Item 2 - Management's Discussion and Analysis of Financial
Condition and Results of Operations
Operating Results - Three Months Ended June 30, 2000 and 1999
Revenues increased 16.6% to $2,714.1 million for the second
quarter of 2000. Revenues were unfavorably impacted by changes
in currency exchange rates during the second quarter of 2000 due
to the strengthening of the U.S. Dollar, as compared to the
second quarter of 1999, relative to the currencies in most of the
Company's non-U.S. markets. At constant exchange rates, the
increase in revenues would have been 24.8%. Volume, as measured
by billable hours of branch operations, increased 17.1% in the
quarter. All of the Company's major markets experienced revenue
increases, as measured in their local currencies, including the
United States (8.8%), France (29.3%) and the United Kingdom
(37.6%). The revenue increase in the United Kingdom was
favorably impacted by the Elan acquisition (see Note 2 to the
consolidated financial statements). The Company's Other Europe
and Other Countries segments reported constant currency revenue
increases of 28.3% and 25.9%, respectively.

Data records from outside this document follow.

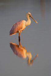 Roseate Spoonbill (Ajaia ajaja) feeding and preening in the Laguna Madre at sunrise near the Laguna Atascosa National Wildlife Refuge
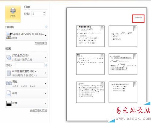 最近在打印幾個PPT文件,當我打印PPT講義時,發現自動會出現當前的打印日期,如下圖所示。剛開始覺得關系不大也就沒去理它,打的多了,感覺還是有點討厭的,因為有時我們不希望別人知道打印的時間。在網上先搜索了一下方法,還是沒解決,后來自己摸索了一下,總算找到了方法。
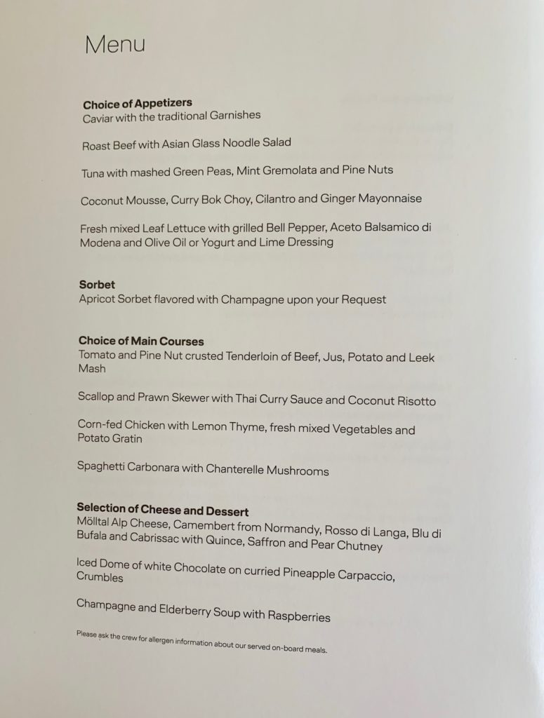 Lufthansa first’s always-delicious cheese cart. It’s hard to pick a winner in this category between Emirates, SWISS, and Lufthansa. Now that would be an amazing trip….
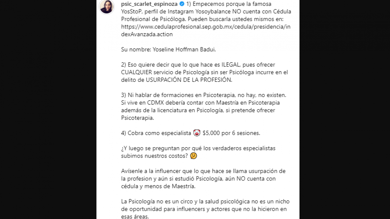 Scarlet Espinoza, psicóloga clínica, señaló que la influencer no cuenta con cédula profesional y mostró una captura de pantalla del Registro Nacional de Profesionistas.
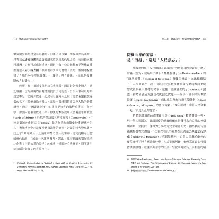 一個有力量且精練的民主願景,其中審議的機制補充了競爭式民主正處於困境中的機制,並支持了審議性的社會。在民主方案似乎拋錨或倒退的時代,這是一本迫切需要、及時出現並且必讀的書。

Gross profit, which represents revenues less payroll and related
expenses of temporary workers, increased as a percent of revenues
to 17.6% in the second quarter of 2000 from 17.4% in the second
quarter of 1999. This increase is primarily due to increased
margins in France as a result of enhanced pricing.

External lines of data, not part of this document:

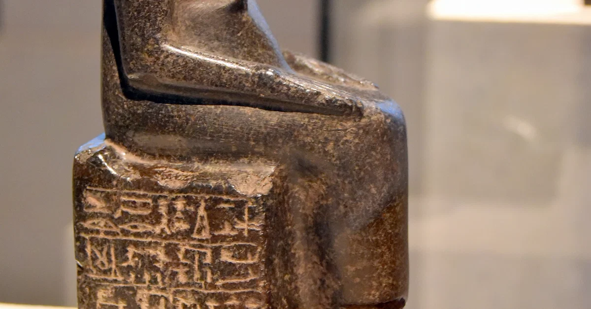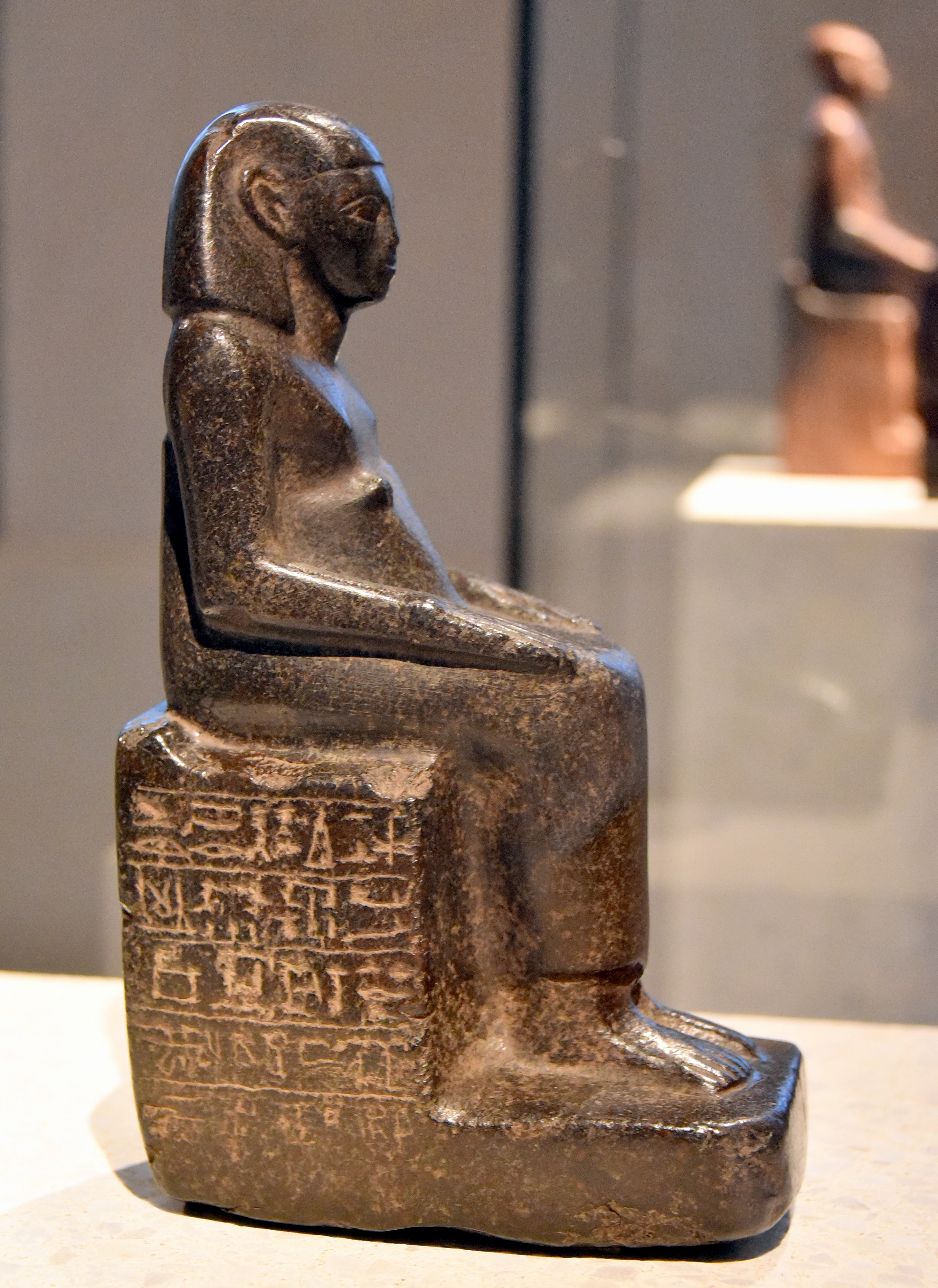 Seated figure of the Egyptian governor Hori with an inscription of a prayer to the god Ptah-Soker-Osiris. Basalt. Middle Kingdom, 13th Dynasty, 1750-1700 BCE. From Egypt, precise provenance unknown. It is on display at the Neues Museum, Berlin, Germany.
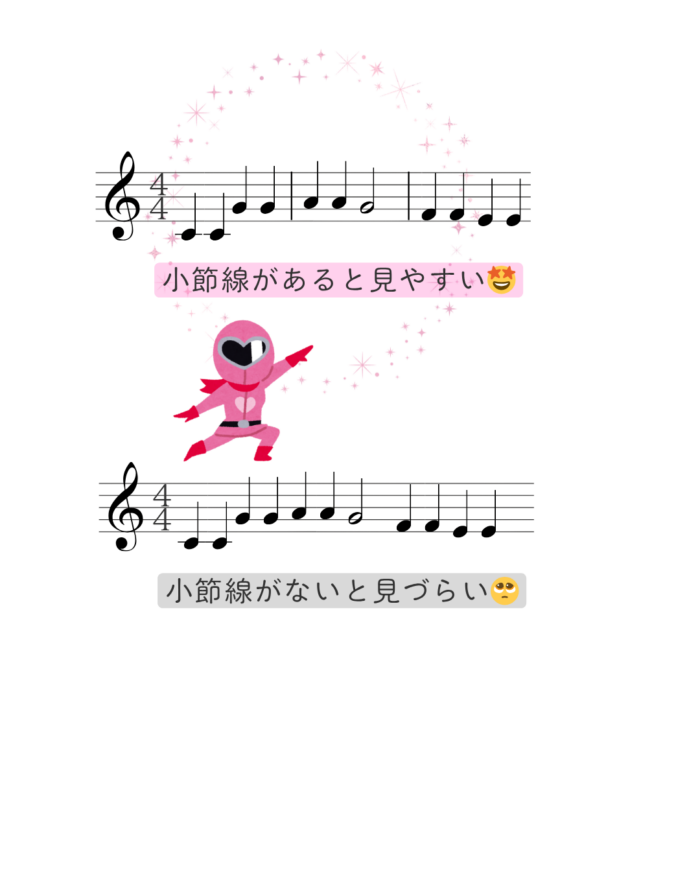 小節や小節線は、音楽をスムーズに読んでいくための大事な道しるべ。
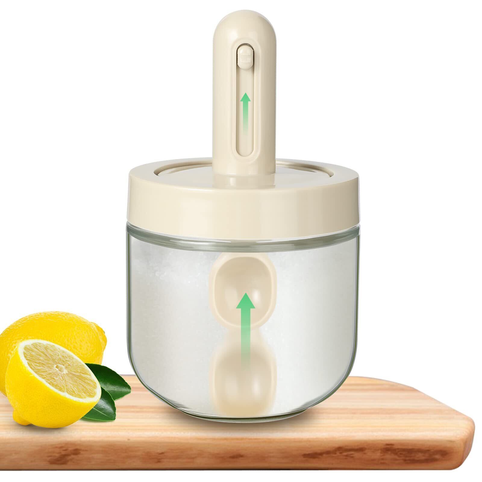 Rockykey 調味料入れ 調味料ボトル 調味料ポット二個セット 調味料収納 スプーン伸縮可能 密閉 塩入れ 砂糖入れ ガラス 保存瓶 便利 湿気防止

Selling and administrative expenses were 15.0% of revenues in the
second quarter of 2000, which is equal to the second quarter of
1999 excluding the non-recurring items incurred during that
period. This expense level was maintained despite an increase in
France's business tax (taxe professionnelle) and continued
investments in new or expanding markets.
Interest and other expense was $10.7 million in the second
quarter of 2000 compared to $5.0 million in the second quarter of
1999. This increase is primarily due to an increase in interest
expense related to the higher borrowing levels needed to finance
the acquisitions made throughout 2000, the continued investments
in new or expanding markets and the share repurchase program.
The Company provided for income taxes during the second quarter
of 2000 at a rate of 35.5%, which is equal to the estimated
annual effective tax rate based on the currently available
information. This rate is higher than the U.S. Federal statutory
rate due to foreign tax rate differences and U.S. state income
taxes. During the three month period ended June 30, 1999, the
Company had a one-time tax benefit of $15.7 million in connection
with the dissolution of a non-operating subsidiary.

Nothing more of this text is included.